Source records:
---
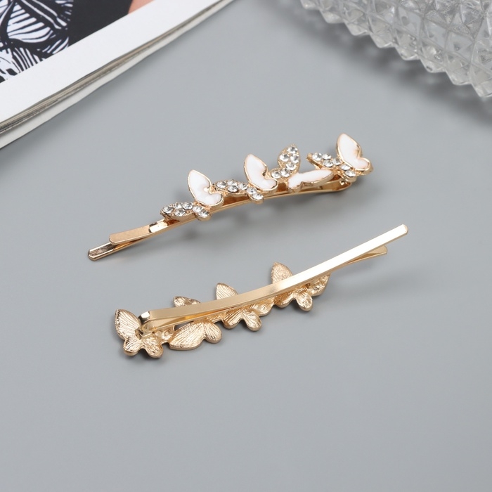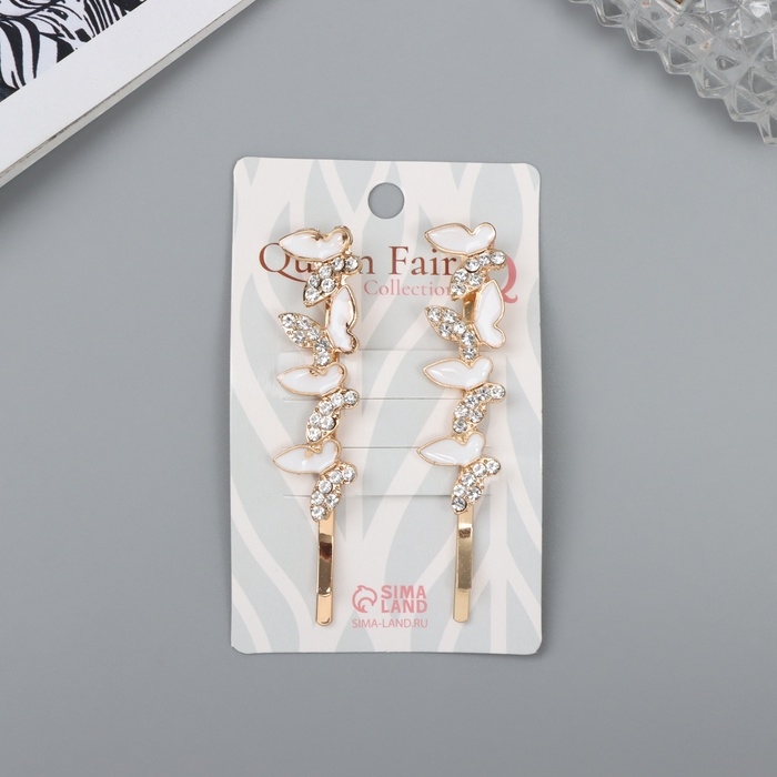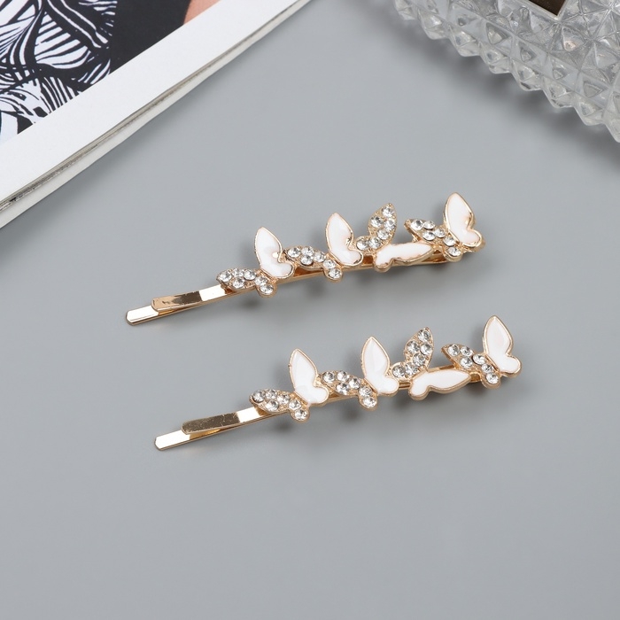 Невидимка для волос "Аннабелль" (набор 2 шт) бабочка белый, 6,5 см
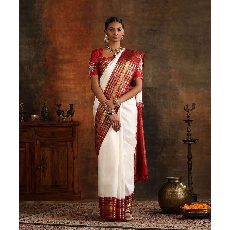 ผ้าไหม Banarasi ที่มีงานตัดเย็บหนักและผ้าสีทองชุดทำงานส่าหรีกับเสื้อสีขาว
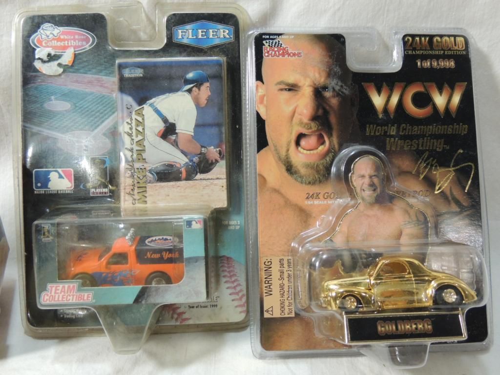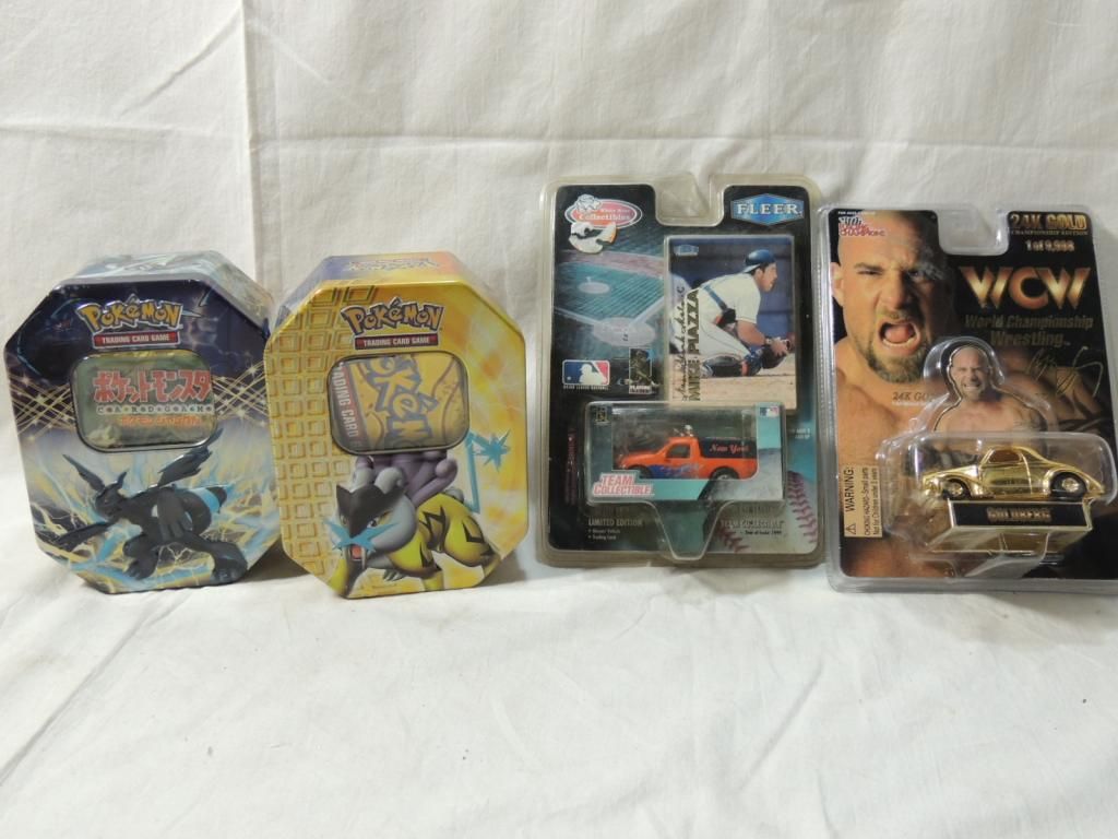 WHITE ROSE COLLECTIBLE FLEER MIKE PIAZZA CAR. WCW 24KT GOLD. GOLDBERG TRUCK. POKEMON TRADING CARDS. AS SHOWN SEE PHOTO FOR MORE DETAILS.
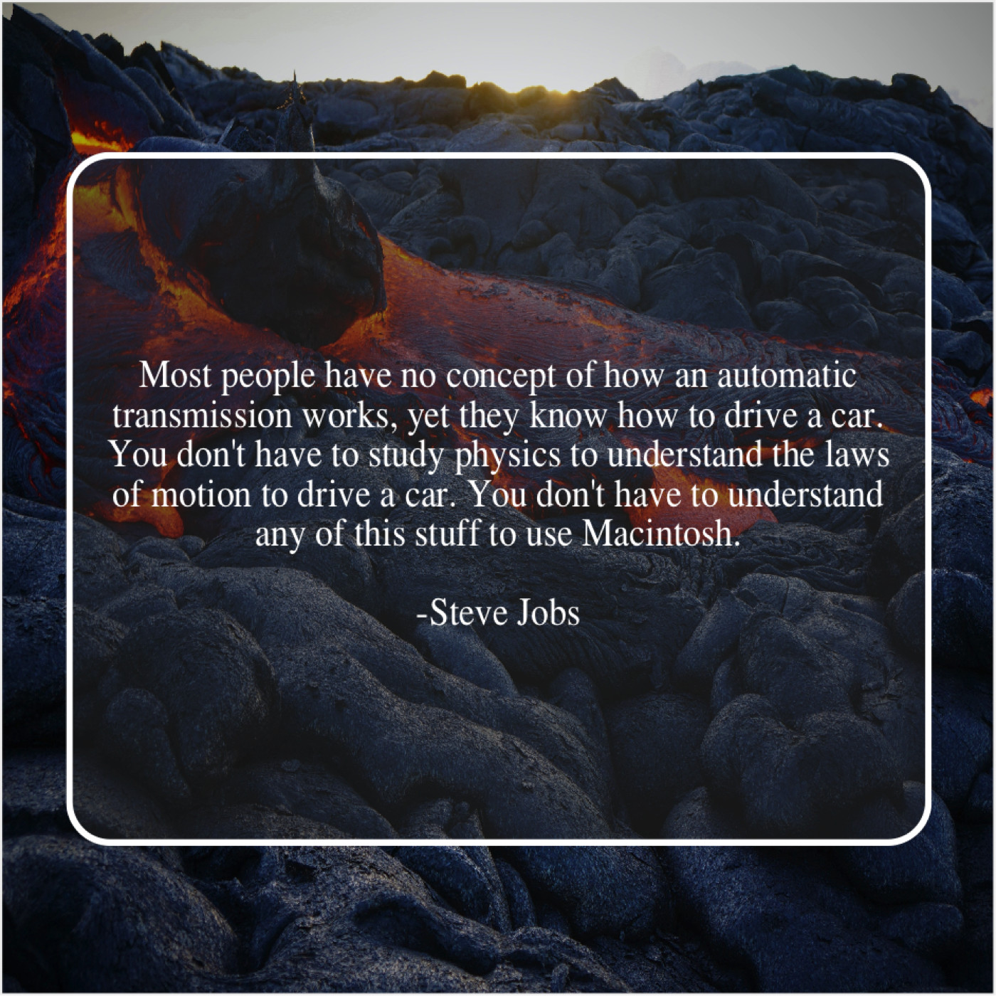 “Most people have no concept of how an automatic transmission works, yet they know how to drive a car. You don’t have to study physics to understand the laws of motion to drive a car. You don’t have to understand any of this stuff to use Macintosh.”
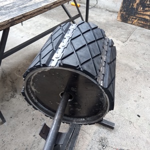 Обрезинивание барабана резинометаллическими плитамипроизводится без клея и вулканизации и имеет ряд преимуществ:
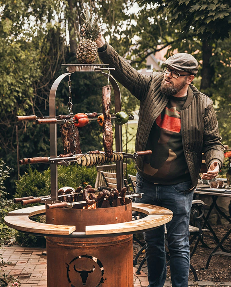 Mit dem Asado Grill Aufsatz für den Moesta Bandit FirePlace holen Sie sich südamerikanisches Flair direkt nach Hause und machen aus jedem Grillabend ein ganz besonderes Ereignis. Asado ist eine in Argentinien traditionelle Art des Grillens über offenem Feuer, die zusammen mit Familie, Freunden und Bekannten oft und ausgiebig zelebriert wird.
---
* _Instructions to follow_:
Return the records above exactly, without the pictures.

* _Output_:
 Невидимка для волос "Аннабелль" (набор 2 шт) бабочка белый, 6,5 см
 ผ้าไหม Banarasi ที่มีงานตัดเย็บหนักและผ้าสีทองชุดทำงานส่าหรีกับเสื้อสีขาว
 WHITE ROSE COLLECTIBLE FLEER MIKE PIAZZA CAR. WCW 24KT GOLD. GOLDBERG TRUCK. POKEMON TRADING CARDS. AS SHOWN SEE PHOTO FOR MORE DETAILS.
 “Most people have no concept of how an automatic transmission works, yet they know how to drive a car. You don’t have to study physics to understand the laws of motion to drive a car. You don’t have to understand any of this stuff to use Macintosh.”
 Обрезинивание барабана резинометаллическими плитамипроизводится без клея и вулканизации и имеет ряд преимуществ:
 Mit dem Asado Grill Aufsatz für den Moesta Bandit FirePlace holen Sie sich südamerikanisches Flair direkt nach Hause und machen aus jedem Grillabend ein ganz besonderes Ereignis. Asado ist eine in Argentinien traditionelle Art des Grillens über offenem Feuer, die zusammen mit Familie, Freunden und Bekannten oft und ausgiebig zelebriert wird.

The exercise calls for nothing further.